» **Task requirements**
Find "招股书显示,经发物业为一家陕" in the material below, then write out that line and every line after it exactly, ending with the last one; skip the pictures.

[Opening Task material section]

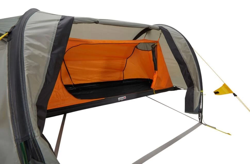 Das Aurora 1 ist ein neues sehr komfortables aber dennoch leichtes ein Personen Zelt mit außenliegendem Gestänge. D.h. das Zelt kann mit eingehangenem Innenzelt in einem Rutsch aufgebaut werden. Die durchlaufenden Gestängekanäle erleichtern den Aufbau. Das Zelt ist zur Fußseite etwas flacher gehalten um Gewicht zu sparen und die Aerodynamik zu verbessern. Das Aurora 1 hat relativ kleine Flächen und ist somit sehr Windstabil und auch für gemäßigten Wintereinsatz tauglich. Das Außenzelt verfügt über vier verschließbare Apex-Ventilationsklappen. Die Außenzelttür kann im geöffneten Zustand mit zusätzlichen Stangen aufgestellt werden und bietet somit einen hervorragenden Regenschutz. Das Innenzelt bietet eine komfortable Sitzhöhe von 93cm und genügend Platz an der Seite für einiges an Gepäck. Ferner verfügt das Innenzelt über zwei abdeckbare Lüftungsöffnungen sowie eine Tasche zum Verstauen der Kleinigkeiten. Die obere Hälfte der D-Formigen Innenzelttür besteht aus Mosquitogazen.
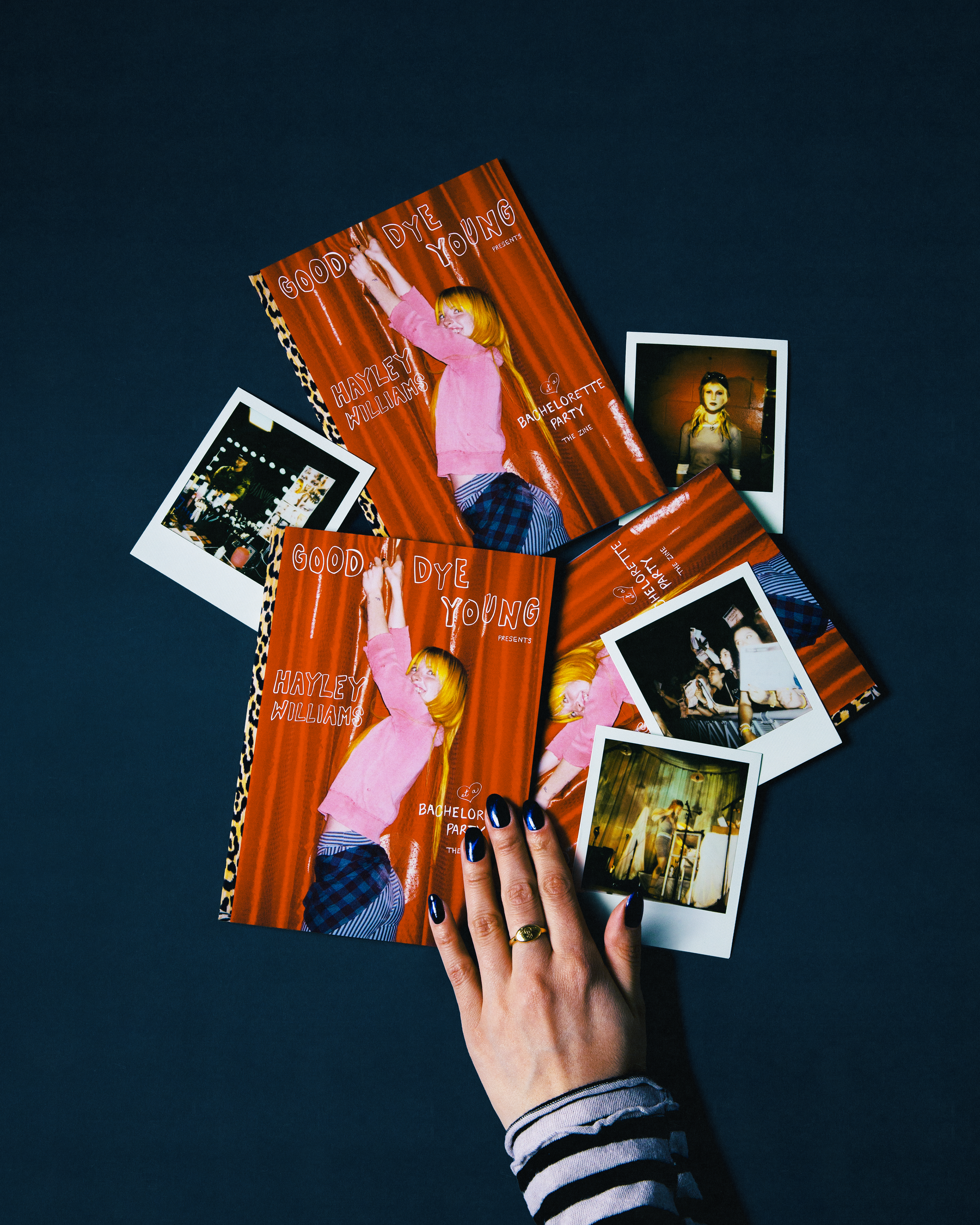The Good Dye Young Presents: Hayley Williams at a Bachelorette Party: the Zine, and the Hand Drawn Tour Tee are being sold on Hayley Williams' nationwide tour, and online at GoodDyeYoung.com and HayleyWilliams.net.
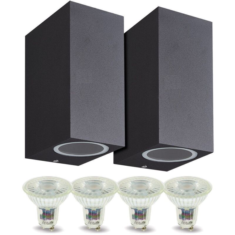 Set di 2 applique da esterno biemissione Manathan BLACK con 4 lampadine LED GU10 5W Questo set contiene 2 applique a doppio raggio Manathan Black in fusione di alluminio e 4 lampadine LED GU10 5W PRO in vetro Ideale per evidenziare una facciata, applique per esterni discreta ed estetica. Caratteristica della lampada da parete: Corpo: Fusione di alluminio Finitura: nero Lunghezza: 6,5 cm Altezza: 15cm Larghezza: 9,5 cm Base: 2 x GU10 (fornite senza lampadine) IP54 Base: 2x GU10 Caratteristiche della lampadina: Lampadine LED di qualità Consumo 5W Emissione luminosa: 420 lumen (equivalente a 50 W) Attacco GU10 Angolo di 60° Non funziona su dimmer (non dimmerabile) Marca ARUM ILLUMINAZIONE Norme CE, ROHS 2 anni di garanzia del produttore Larghezza: 60mm Altezza (cm): 153mm Nbres d ampoules: 2 Base: GU10 Alimentazione: 220 Garanzia del produttore: 2 ans uso: Interiore / esteriore Tecnologia: Livré sans ampoule Materiale: Fusione di alluminio IP: 54 Type de lampe: NC Type de
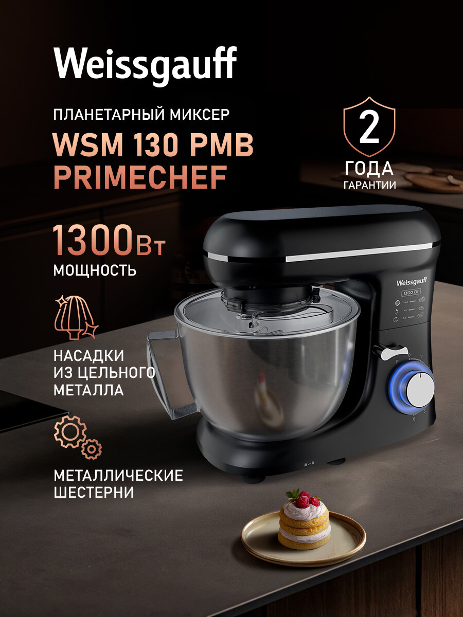 Купить Миксер планетарный Weissgauff WSM 130 PMB PrimeChef, 6 скоростей работы, двигатель 1300 Вт, импульсный режим
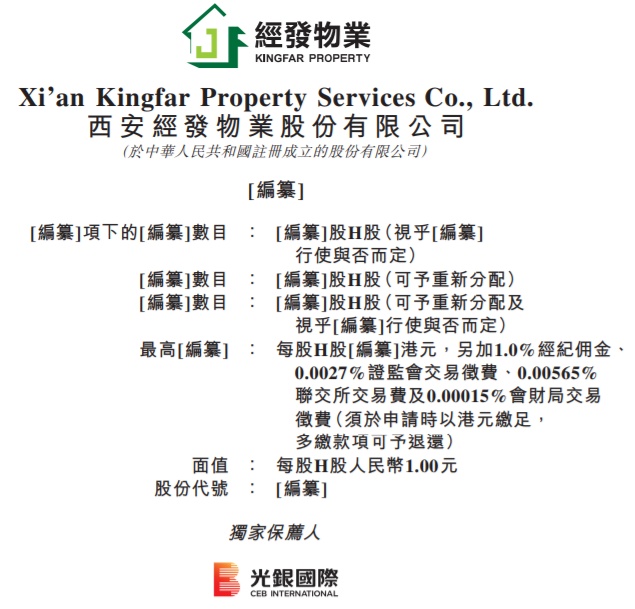 招股书显示,经发物业为一家陕西省国有综合城市服务及物业管理服务提供商,业务遍及中国西北部。经过20多年发展,公司在陕西省的城市服务及物业管理行业建立了重要的市场地位并成为知名品牌。根据中指院的资料,按截至2023年12月31日的陕西省在管建筑面积计,公司占市场份额约1.8%,于2023年在陕西省运营的物业管理服务提供商中排名第三。凭借在陕西省的市场地位,亦已将足迹扩展到中国西北部。截至最后实际可行日期,公司的业务覆盖西安、铜川、韩城及石河子。
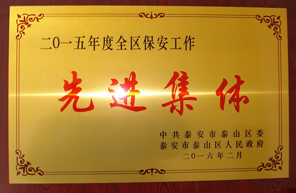 公司駐泰安市泰山區(qū)人民政府保安中隊(duì) 被評(píng)為“2015年度全區(qū)保安工作先進(jìn)集體”稱(chēng)號(hào)
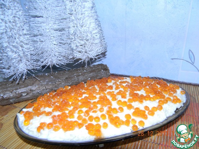 Намазываем майонезом и сверху красиво украшаем красной икрой..
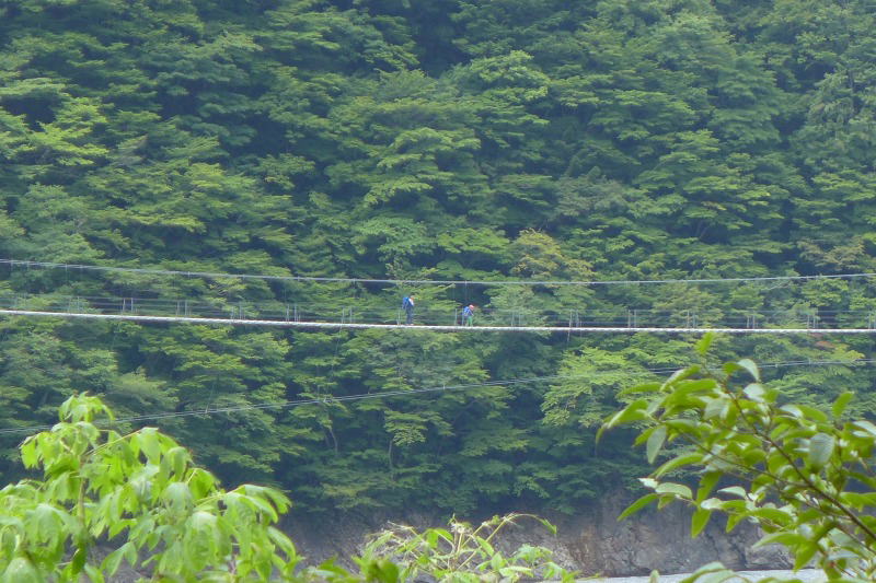 畑雉大吊橋を渡るちびっこ登山家とおじいちゃん

[Closing Task material section]

» **Answer for the task**
 招股书显示,经发物业为一家陕西省国有综合城市服务及物业管理服务提供商,业务遍及中国西北部。经过20多年发展,公司在陕西省的城市服务及物业管理行业建立了重要的市场地位并成为知名品牌。根据中指院的资料,按截至2023年12月31日的陕西省在管建筑面积计,公司占市场份额约1.8%,于2023年在陕西省运营的物业管理服务提供商中排名第三。凭借在陕西省的市场地位,亦已将足迹扩展到中国西北部。截至最后实际可行日期,公司的业务覆盖西安、铜川、韩城及石河子。
 公司駐泰安市泰山區(qū)人民政府保安中隊(duì) 被評(píng)為“2015年度全區(qū)保安工作先進(jìn)集體”稱(chēng)號(hào)
 Намазываем майонезом и сверху красиво украшаем красной икрой..
 畑雉大吊橋を渡るちびっこ登山家とおじいちゃん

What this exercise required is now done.